I’m interested in hearing about how your approach handles this environment, because I think I’m getting lost in informal assumptions and symbol-grounding issues when reading about your proposed method.
- Koen.Holtman 21 Nov 2021 14:51 UTC
  LW: 10 AF: 6
  AF Parent
  Read your post, here are my initial impressions on how it relates to the discussion here.
  
  In your post, you aim to develop a crisp mathematical definition of (in)coherence, i.e. VNM-incoherence. I like that, looks like a good way to move forward. Definitely, developing the math further has been my own approach to de-confusing certain intuitive notions about what should be possible or not with corrigibility.
  
  However, my first impression is that your concept of VNM-incoherence is only weakly related to the meaning that Eliezer has in mind when he uses the term incoherence. In my view, the four axioms of VNM-rationality have only a very weak descriptive and constraining power when it comes to defining rational behavior. I believe that Eliezer’s notion of rationality, and therefore his notion of coherence above, goes far beyond that implied by the axioms of VNM-rationality. My feeling is that Eliezer is using the term ‘coherence constraints’ an intuition-pump way where coherence implies, or almost always implies, that a coherent agent will develop the incentive to self-preserve.
  
  Looking at your post, I am also having trouble telling exactly how you are defining VNM-incoherence. You seem to be toying with several alternative definitions, one where it applies to reward functions (or preferences over lotteries) which are only allowed to examine the final state in a 10-step trajectory, another where the reward function can examine the entire trajectory and maybe the actions taken to produce that trajectory. I think that your proof only works in the first case, but fails in the second case. This has certain (fairly trivial) corollaries about building corrigibility. I’ll expand on this in a comment I plan to attach to your post.
  
  I’m interested in hearing about how your approach handles this environment,
  
  I think one way to connect your ABC toy environment to my approach is to look at sections 3 and 4 of my earlier paper where I develop a somewhat similar clarifying toy environment, with running code.
  
  Another comment I can make is that your ABC nodes-and-arrows state transition diagram is a depiction which makes it hard see how to apply my approach, because the depiction mashes up the state of the world outside of the compute core and the state of the world inside the compute core. If you want to apply counterfactual planning, or if you want to have a an agent design that can compute the balancing function terms according to Armstrong’s indifference approach, you need a different depiction of your setup. You need one which separates out these two state components more explicitely. For example, make an MDP model where the individual states are instances of the tuple (physical position of agent in the ABC playing field,policy function loaded into the compute core).
  
  Not sure how to interpret your statement that you got lost in symbol-grounding issues. If you can expand on this, I might be able to help.
  What links here?
  - Koen.Holtman's comment on A Certain Formalization of Corrigibility Is VNM-Incoherent by TurnTrout (21 Nov 2021 18:14 UTC; 1 point)

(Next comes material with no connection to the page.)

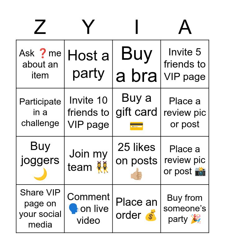 This bingo card has 19 words: 25 likes on posts ππΌ, Invite 5 friends to VIP page, Buy a bra, Buy from someoneβs party π, Place a review pic or post πΈ, Participate in a challenge, Place an order π°, Ask βme about an item, Host a party, Buy joggers π, Join my team π―ββοΈ, Invite 10 friends to VIP page, Buy a gift card π³, Comment π£on live video, Share VIP page on your social media, Place an order over $100 π°π°, Invite 5 friends to VIP page, Place a review pic or post and 25 likes on posts.

- Koen.Holtman 24 Nov 2021 10:32 UTC
  2 points
  AF Parent
  Update: I just recalled that Eliezer and MIRI often talk about Dutch booking when they talk about coherence. So not being susceptible to Dutch booking may be the type of coherence Eliezer has in mind here.
  
  When it comes to Dutch booking as a coherence criterion, I need to repeat again the observation I made below:
  
  In general, when you want to think about coherence without getting deeply confused, you need to keep track of what reward function you are using to rule on your coherency criterion. I don’t see that fact mentioned often on this forum, so I will expand.
  
  An agent that plans coherently given a reward function $R_{p}$ to maximize paperclips will be an incoherent planner if you judge its actions by a reward function $R_{s}$ that values the maximization of staples instead.
  
  To extend this to Dutch booking: if you train a superintelligent poker playing agent with a reward function that rewards it for losing at poker, you will find that if can be Dutch booked rather easily, if your Dutch booking test is whether you can find a counter-strategy to make it loose money.